East Cowton is a civil parish in the former Hambleton District of North Yorkshire, England. It contains five listed buildings that are recorded in the National Heritage List for England. All the listed buildings are designated at Grade II, the lowest of the three grades, which is applied to "buildings of national importance and special interest".[1] The parish contains the village of East Cowton and the surrounding area. The listed buildings consist of a church, its vicarage, a war memorial, a grave slab, and a former railway station.
The grave slab is on the site of St Mary's Church, which was demolished in about 1960. It is plain and in stone, and on the top is a relief carving of a foliate cross with leafed stems on the shaft.[2]
The vicarage is in red brick with a hipped concrete tile roof. There are two storeys and three bays. In the centre is a doorway with Doric columns, a fanlight, a frieze, a cornice and a blocking course. The windows are casements with flat brick arches.[3]
The church, which was extended in 2002, is in red brick with stone dressings and tile roofs. It consists of a continuous nave and chancel, a south porch, and a north vestry. On the roof, at the division between the nave and the chancel, is a hexagonal shingledflèche, with a louvred bell stage and an iron weathervane.[4][6]

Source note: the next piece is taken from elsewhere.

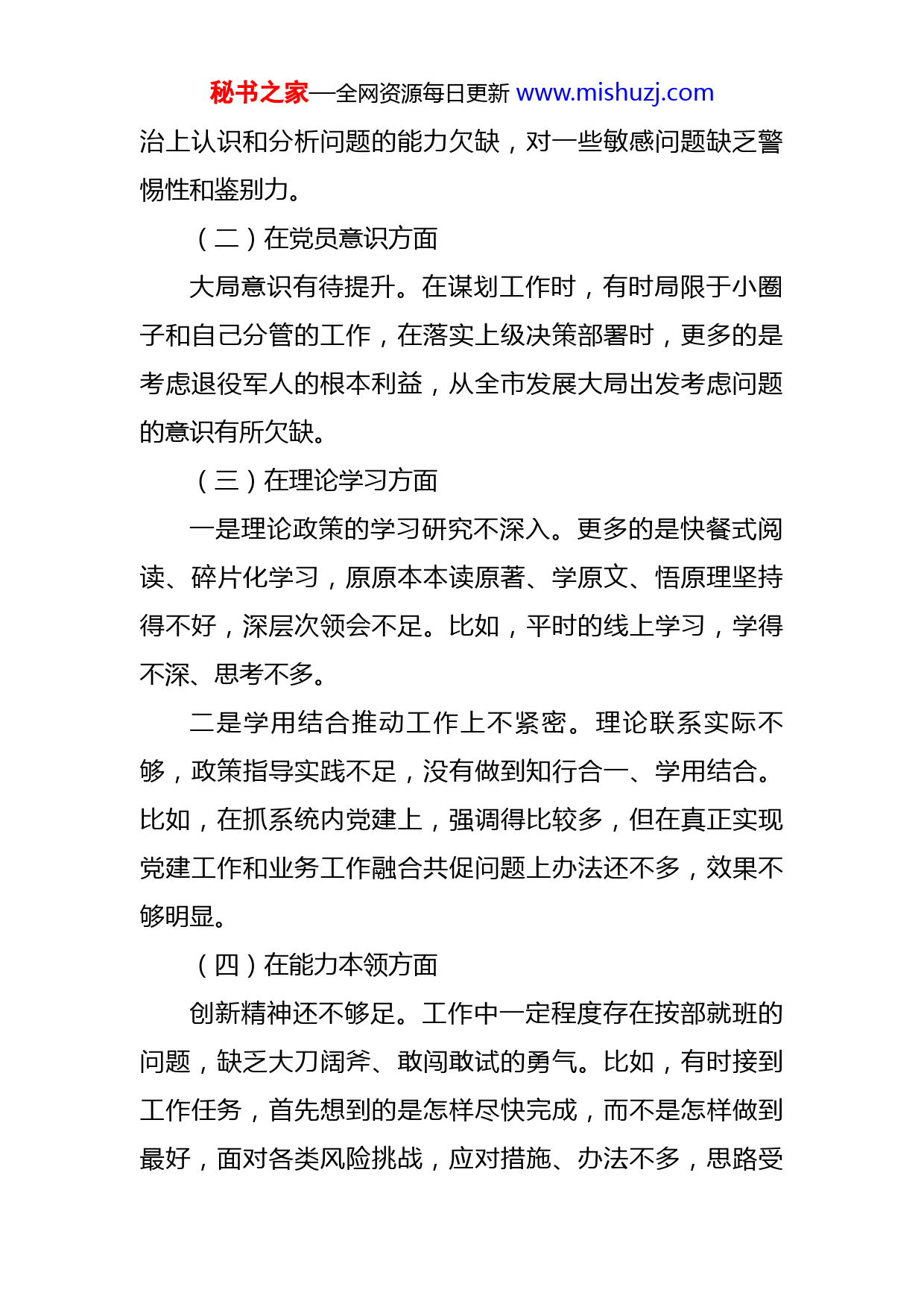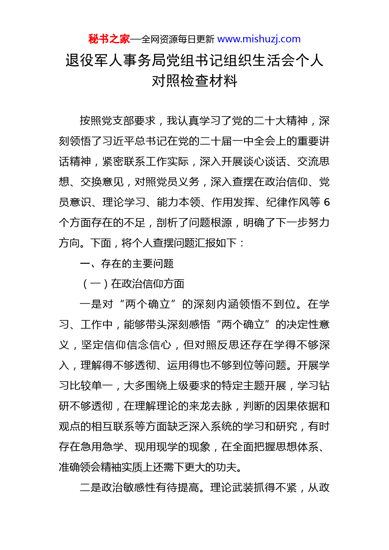 秘书之家—全网资源每日更新www.mishuzj.com退役军人事务局党组书记组织生活会个人对照检查材料按照党支部要求,我认真学习了党的二十大精神,深刻领悟了习近平总书记在党的二十届一中全会上的重要讲话精神,紧密联系工作实际,深入开展谈心谈话、交流思想、交换意见,对照党员义务,深入查摆在政治信仰、党员意识、理论学习、能力本领、作用发挥、纪律作风等6个方面存在的不足,剖析了问题根源,明确了下一步努力方向。下面,将个人查摆问题汇报如下:一、存在的主要问题(一)在政治信仰方面一是对“两个确立”的深刻内涵领悟不到位。在学习、工作中,能够带头深刻感悟“两个确立”的决定性意义,坚定信仰信念信心,但对照反思还存在学得不够深入,理解得不够透彻、运用得也不够到位等问题。开展学习比较单一,大多围绕上级要求的特定主题开展,学习钻研不够透彻,在理解理论的来龙去脉,判断的因果依据和观点的相互联系等方面缺乏深入系统的学习和研究,有时存在急用急学、现用现学的现象,在全面把握思想体系、准确领会精袖实质上还需下更大的功夫。二是政治敏感性有待提高。理论武装抓得不紧,从政秘书之家—全网资源每日更新www.mishuzj.com治上认识和分析问题的能力欠缺,对一些敏感问题缺乏警惕性和鉴别力。(二)在党员意识方面大局意识有待提升。在谋划工作时,有时局限于小圈子和自己分管的工作,在落实上级决策部署时,更多的是考虑退役军人的根本利益,从全市发展大局出发考虑问题的意识有所欠缺。(三)在理论学习方面一是理论政策的学习研究不深入。更多的是快餐式阅读、碎片化学习,原原本本读原著、学原文、悟原理坚持得不好,深层次领会不足。比如,平时的线上学习,学得不深、思考不多。二是学用结合推动工作上不紧密。理论联系实际不够,政策指导实践不足,没有做到知行合一、学用结合。比如,在抓系统内党建上,强调得比较多,但在真正实现党建工作和业务工作融合共促问题上办法还不多,效果不够明显。(四)在能力本领方面创新精神还不够足。工作中一定程度存在按部就班的问题,缺乏大刀阔斧、敢闯敢试的勇气。比如,有时接到工作任务,首先想到的是怎样尽快完成,而不是怎样做到最好,面对各类风险挑战,应对措施、办法不多,思路受秘书之家—全网资源每日更新www.mishuzj.com限,推进的力度不够。(五)在作用发挥方面一是抓班子带队伍仍有不足。在抓班子带队伍过程中存在韧劲不足,狠劲不够,教育管理工作办法不多的问题,有的方式方法未能与时俱进。二是示范带头作用仍有欠缺。能够耐心地将个人经验传授给年轻党员,但在个别工作总结由于创新意识不足,导致示范带头作用发挥不明显。(六)在纪律作风方面一是管党治党责任没有落实落细。作为党组书记,能认真履行“一岗双责”,但在管党治党中,还存在对党建工作责任压得不死、督导指导不到位问题。比如,在工作中,满足于开个会、讲个话,认为这样就履行了责任,压力传导不够、指导督促不够。二是抓党风廉政建设力度还不够。比如,工作中存在抓业务偏多,抓党风廉政建设偏少的问题,很多时候只是传达学习上级精神、组织观看警示教育片,提一些政策性、原则性的要求,缺少有针对性强的内容和举措。三是警示教育的力度还不足。比如,在工作中抓正面典型示范作用多,抓反面典型警示教育少,对于个别存在苗头性、倾向性问题的同志,有时碍于情面,谈话提醒多,直面问题指正批评的偏少,压力传导不够到位。秘书之家—全网资源每日更新www.mishuzj.com二、问题产生原因(一)在思想方面。政治理论学习还不够经常、不够深入,自主学习、创新学习不够系统、不够主动、不够深入,没有把理论学习当成一种工作习惯,没有真正做到学以致用、学懂弄通。(二)在政治方面。政治意识、大局意识、核心意识、看齐意识已经成为自觉意识,但在实际工作中体现得还不够细微和自觉,存在学用脱节和机械生硬的问题。对上级决策部署理解的还不深不透、有时浅尝辄止。(三)在能力方面。平时主要把精力放在退役军人工作上,无意中弱化了抓基层党建工作的力度,对落实支部“三会一课”等组织生活制度要求不够严格,督促指导不到位。(四)在作风方面。履行党风廉政建设第一责任人职责和“一岗双责”还不到位,认为只要自己在大是大非问题上能坚守原则,主动当好表率,干部就会跟着学。同时,在严明责任、严肃纪律和严格自律上降低标准,还需要在主体责任强化、制度机制建设、思想根源深挖上狠下功夫。三、今后努力方向和整改措施(一)旗帜鲜明讲政治,坚决做到“两个维护”。全面认真学习习近平新时代中国特色社会主义思想,学习贯秘书之家—全网资源每日更新www.mishuzj.com彻党的二十大精神,努力提升理论水平和分析问题、解决问题的能力。充分发挥示范带头作用,准确把握新理念,进一步深学细研,更好地用习近平新时代中国特色社会主义思想武装头脑、指导实践、推动工作。(二)持之以恒抓学习,持续强化理论武装。坚持把学习作为一种政治责任,不断丰富自己的思想内涵和精神境界。坚持把学习贯彻习近平新时代中国特色社会主义思想作为首要政治任务,推动学习不断往深里走、往实里走、往心里走,力求做到理论与实践相统一,切实把学习的成效

The war memorial, to the south of All Saints' Church, is in stone. It consists of a wheel-head cross on a tapering square plinth on a base of one step. On the head is a panel in the shape of a wheel-head with an interlaced Celtic knotwork design, below which is an inscribed panel. On the southeast face is a panel with the names of those lost in the First World War, and in front of the face is a plinth with an inscription and the names of the two servicemen lost in the Second World War.[7]